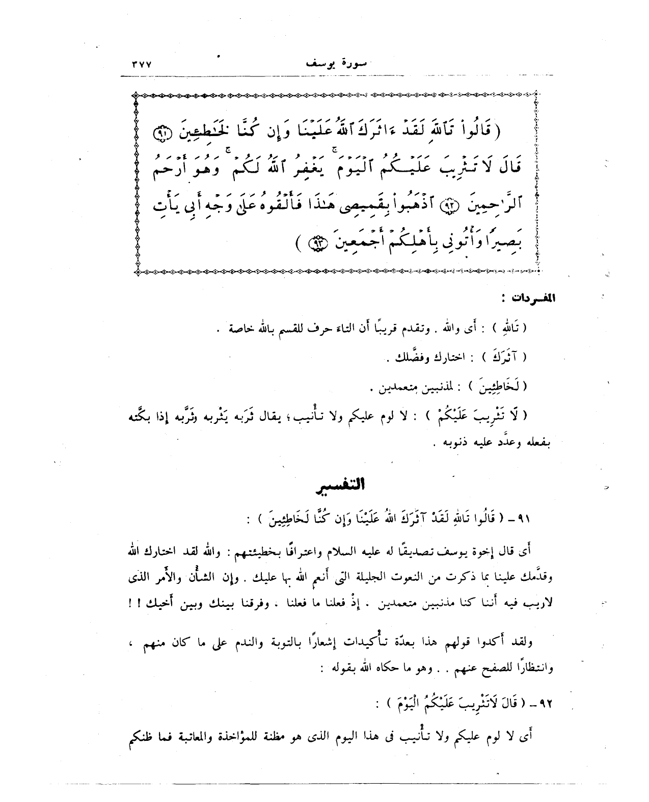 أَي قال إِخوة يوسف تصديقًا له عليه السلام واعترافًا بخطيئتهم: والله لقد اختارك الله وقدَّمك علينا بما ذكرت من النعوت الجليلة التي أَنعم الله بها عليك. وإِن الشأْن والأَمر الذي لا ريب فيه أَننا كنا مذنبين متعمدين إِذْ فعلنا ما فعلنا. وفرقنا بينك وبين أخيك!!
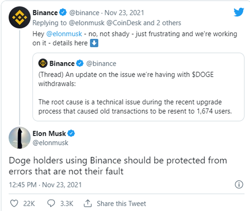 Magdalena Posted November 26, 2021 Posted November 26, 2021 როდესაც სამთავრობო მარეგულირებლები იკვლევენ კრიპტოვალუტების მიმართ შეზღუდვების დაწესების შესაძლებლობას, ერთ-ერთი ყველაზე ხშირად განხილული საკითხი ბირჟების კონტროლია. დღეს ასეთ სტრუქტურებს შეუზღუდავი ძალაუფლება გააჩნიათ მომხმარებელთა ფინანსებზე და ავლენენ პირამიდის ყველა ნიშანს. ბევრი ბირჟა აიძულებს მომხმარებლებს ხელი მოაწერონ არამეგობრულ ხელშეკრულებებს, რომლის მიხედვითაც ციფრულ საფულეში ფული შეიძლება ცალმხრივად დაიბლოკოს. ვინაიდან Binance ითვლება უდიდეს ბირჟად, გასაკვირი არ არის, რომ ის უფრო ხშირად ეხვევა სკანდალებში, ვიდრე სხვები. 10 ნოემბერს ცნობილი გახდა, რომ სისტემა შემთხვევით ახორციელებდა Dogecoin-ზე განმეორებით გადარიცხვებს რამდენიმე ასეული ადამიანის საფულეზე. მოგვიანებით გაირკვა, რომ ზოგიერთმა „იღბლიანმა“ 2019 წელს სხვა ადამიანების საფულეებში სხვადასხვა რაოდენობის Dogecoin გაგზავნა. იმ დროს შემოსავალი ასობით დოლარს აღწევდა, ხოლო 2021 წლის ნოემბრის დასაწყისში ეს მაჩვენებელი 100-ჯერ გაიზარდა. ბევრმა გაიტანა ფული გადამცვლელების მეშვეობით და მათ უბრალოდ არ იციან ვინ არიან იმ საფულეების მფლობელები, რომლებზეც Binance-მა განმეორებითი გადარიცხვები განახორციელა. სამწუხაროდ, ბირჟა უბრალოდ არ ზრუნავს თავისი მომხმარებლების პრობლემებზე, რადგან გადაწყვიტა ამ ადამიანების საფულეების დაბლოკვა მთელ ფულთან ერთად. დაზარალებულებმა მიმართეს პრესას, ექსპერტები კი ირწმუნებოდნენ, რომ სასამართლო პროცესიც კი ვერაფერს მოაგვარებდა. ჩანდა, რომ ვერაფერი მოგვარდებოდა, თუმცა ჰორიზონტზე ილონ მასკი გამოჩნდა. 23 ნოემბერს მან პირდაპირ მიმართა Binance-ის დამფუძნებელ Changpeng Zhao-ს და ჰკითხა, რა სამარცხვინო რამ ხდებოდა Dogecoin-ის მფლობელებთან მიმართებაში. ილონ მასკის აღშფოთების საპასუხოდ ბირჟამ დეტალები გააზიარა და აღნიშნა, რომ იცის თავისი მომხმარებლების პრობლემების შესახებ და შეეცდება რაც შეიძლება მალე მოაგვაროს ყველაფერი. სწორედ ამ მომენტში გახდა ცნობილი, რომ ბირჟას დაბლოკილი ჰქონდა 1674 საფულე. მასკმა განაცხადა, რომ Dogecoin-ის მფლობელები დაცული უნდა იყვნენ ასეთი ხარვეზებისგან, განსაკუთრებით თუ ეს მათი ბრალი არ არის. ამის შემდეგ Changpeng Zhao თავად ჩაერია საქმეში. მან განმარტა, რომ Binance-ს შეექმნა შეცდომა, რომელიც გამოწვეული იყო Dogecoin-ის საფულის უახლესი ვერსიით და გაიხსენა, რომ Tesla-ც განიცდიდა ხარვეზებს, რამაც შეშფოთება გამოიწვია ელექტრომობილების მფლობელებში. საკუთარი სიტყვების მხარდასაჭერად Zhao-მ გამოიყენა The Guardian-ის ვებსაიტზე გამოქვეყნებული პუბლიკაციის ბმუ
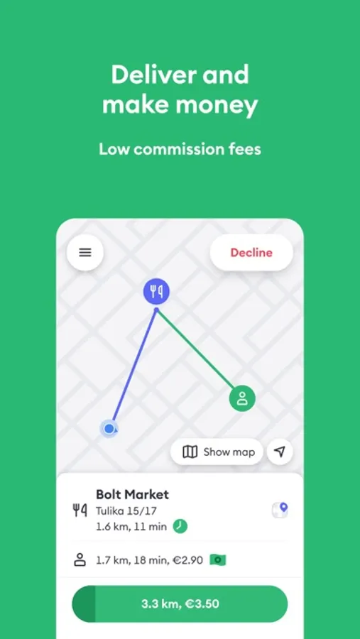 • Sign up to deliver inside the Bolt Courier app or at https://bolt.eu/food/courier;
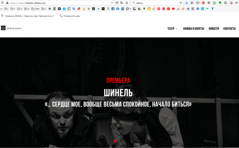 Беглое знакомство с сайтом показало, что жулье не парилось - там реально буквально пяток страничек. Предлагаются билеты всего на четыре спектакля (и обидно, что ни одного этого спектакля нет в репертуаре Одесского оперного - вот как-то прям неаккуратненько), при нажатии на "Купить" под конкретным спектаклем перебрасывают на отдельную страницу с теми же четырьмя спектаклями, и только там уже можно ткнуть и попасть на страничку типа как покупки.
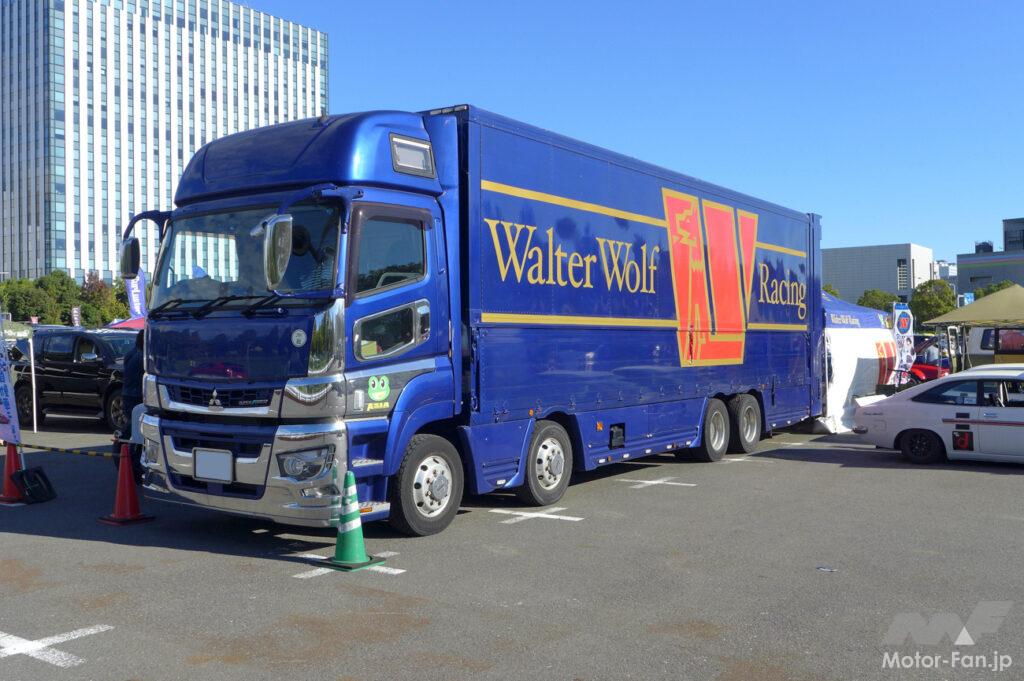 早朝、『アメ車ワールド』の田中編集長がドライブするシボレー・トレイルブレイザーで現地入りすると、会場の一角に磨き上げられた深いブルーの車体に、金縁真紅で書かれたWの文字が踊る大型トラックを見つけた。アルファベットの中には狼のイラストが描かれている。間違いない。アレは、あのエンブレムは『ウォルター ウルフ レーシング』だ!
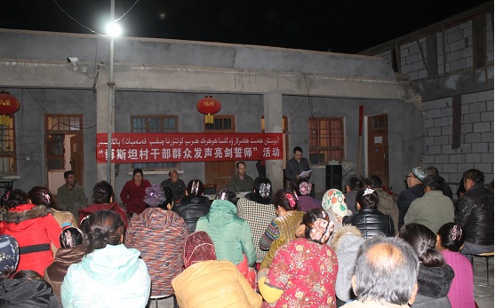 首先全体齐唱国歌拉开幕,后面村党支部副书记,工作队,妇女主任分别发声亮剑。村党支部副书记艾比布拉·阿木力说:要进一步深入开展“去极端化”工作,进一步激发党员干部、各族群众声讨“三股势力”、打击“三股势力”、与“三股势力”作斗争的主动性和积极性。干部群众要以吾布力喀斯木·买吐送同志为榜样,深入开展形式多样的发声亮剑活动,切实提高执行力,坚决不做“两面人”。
-=-=-
* **INSTRUCTIONS FOR THE TASK**
Restate word for word, and only, the lines from the line that contains "Беглое знакомство с" through the end of the data, both included; pictures are not part of the copy.

* **EXERCISE ANSWER**
 Беглое знакомство с сайтом показало, что жулье не парилось - там реально буквально пяток страничек. Предлагаются билеты всего на четыре спектакля (и обидно, что ни одного этого спектакля нет в репертуаре Одесского оперного - вот как-то прям неаккуратненько), при нажатии на "Купить" под конкретным спектаклем перебрасывают на отдельную страницу с теми же четырьмя спектаклями, и только там уже можно ткнуть и попасть на страничку типа как покупки.
 早朝、『アメ車ワールド』の田中編集長がドライブするシボレー・トレイルブレイザーで現地入りすると、会場の一角に磨き上げられた深いブルーの車体に、金縁真紅で書かれたWの文字が踊る大型トラックを見つけた。アルファベットの中には狼のイラストが描かれている。間違いない。アレは、あのエンブレムは『ウォルター ウルフ レーシング』だ!
 首先全体齐唱国歌拉开幕,后面村党支部副书记,工作队,妇女主任分别发声亮剑。村党支部副书记艾比布拉·阿木力说:要进一步深入开展“去极端化”工作,进一步激发党员干部、各族群众声讨“三股势力”、打击“三股势力”、与“三股势力”作斗争的主动性和积极性。干部群众要以吾布力喀斯木·买吐送同志为榜样,深入开展形式多样的发声亮剑活动,切实提高执行力,坚决不做“两面人”。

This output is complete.